Это, естественно, не понравилось Хазарии, бросившей против славянского войска свои конные лавы, которые будут разбиты. В последующие годы наступил черед покориться Киеву и Олегу дулебам, хорватам и тиверцам.

На рубеже веков военное счастье ненадолго изменит ему – продвигавшиеся на запад по Причерноморью кочевники-венгры разобьют его войско, привыкшее к победам. Славяне запрутся в Киеве, который неприятелю, несмотря на усиленную осаду, взять не удастся – все поймут, наконец, меру опасности и необходимость общего ей противодействия. Да и степняки, положив под стенами города многих и многих, также остынут, и охотно пойдут на мир с Русью, понимая: что удалось раз, может и не получиться дважды, иметь же за спиной врага хуже, чем доброго союзника. Мир между племенами просуществует около двух веков, во многом влияя на здешнюю политику.

Олег, как умный правитель, понимал, что слабости и поражения вождя быстрее всего забываются, перечеркнутые его же победами. Необходимость победоносной кампании была, всегдашний противник – Византия – тоже. Был и повод – после поражения Олега империя, в начале века пойдя на территориальные уступки усилившемуся Болгарскому царству, испытывая усиливающееся давление арабов, пережив мятеж знати, что все вместе весомо подрывало ее финансы, решила прекратить платить Киеву дань, которую до сей поры Олег брал своевременно и жестко.

Был и союзник – болгары, когда представилась возможность, не отказывались помочь желающим потрепать Византию. Сейчас за ними была сила, а значит – и возможность. Они обещали пропустить русское войско по своей земле, и в 907 году Олег во главе многих тысяч воинов двинул свое войско по Болгарии к Константинополю.

Туда же устремились и многие русские ладьи, также несущие тысячи и тысячи вооруженных славян.

Столица Византии раскинулась по обе стороны залива Золотой Рог, перерезавший город и уходивший далее – за стены. Стены Царьграда со стороны Босфора и с напольной стороны были высоки и, по сути дела, неприступны, однако со стороны внутренней гавани все было совсем по-другому. Здесь город надеялся только на массивные цепи, лежащие в дни мира на морском дне, а в трудное время вытягиваемые с его дна и при помощи башен по обе стороны Рога перекрывавшие в него вход. Иными словами, гавань не поражала неприступностью укреплений. Олег, как и многие другие, не видя возможности преодолеть эти цепи, решил ударить с внутренней стороны залива, для чего предстояло перетащить корабли через перешеек. Он поставил их на колеса, и они, при распущенных парусах и при – проклятье для греков! – попутном ветре двинулись к городу.

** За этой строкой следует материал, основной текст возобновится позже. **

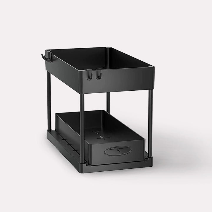 Opdag den ideelle opbevaringsløsning til dit hjem med denne avancerede enhed designet til at passe ind under vasken. Fremstillet i robust metal med en stilfuld sort finish, tilbyder den justerbare hylder, der sikrer optimal brug af plads og organisering. Perfekt til køkken, badeværelse eller kontor, hvor funktionalitet og moderne design er i centrum.

Военный прием, не имеющий аналогов и так поразивший обескураженного неприятеля, сразу запросившего мира.

Гениальность Олега и в этом приеме, и в том, что он согласился на мир, чувствуя, что в целой вселенной, которую представлял Константинополь, ему трудно будет сохранить войско, если враг опомнится от испуга и решится дать бой – сил для этого хватало с избытком. Добыча же вряд ли будет больше той, что можно получить миром. Да и союз будет прочнее, если в столице не прольется кровь.


Олег и его воины на кораблях с колесами у Царьграда; предложение греков через послов платить дань Руси. Радзивилловская летопись


Думая, как русскому князю мог прийти в голову ход с кораблями на колесах, разом выигравший всю военную кампанию, можно предположить, что это – от его воспоминаний во время похода из Новгорода в Киев: корабли трудные места преодолевали на волокушах. Мудрость князя – в своевременном воспоминании о всем давно известном под новым углом зрения в неожиданной ситуации. Возможно, это почувствовали и киевляне, принявшие его после убийства Аскольда и Дира, – и не просто потому, что киевские князья не имели потомства и род их все равно пресекся, что не прими они Олега, неизбежной – какая обида нанесена! – была война Киева с Новгородом, но и потому, что своим словом сумел убедить их Олег, что свершенного не воротишь, – если же примут его, Олега, то за ним не пропадет. Ему поверили и не ошиблись.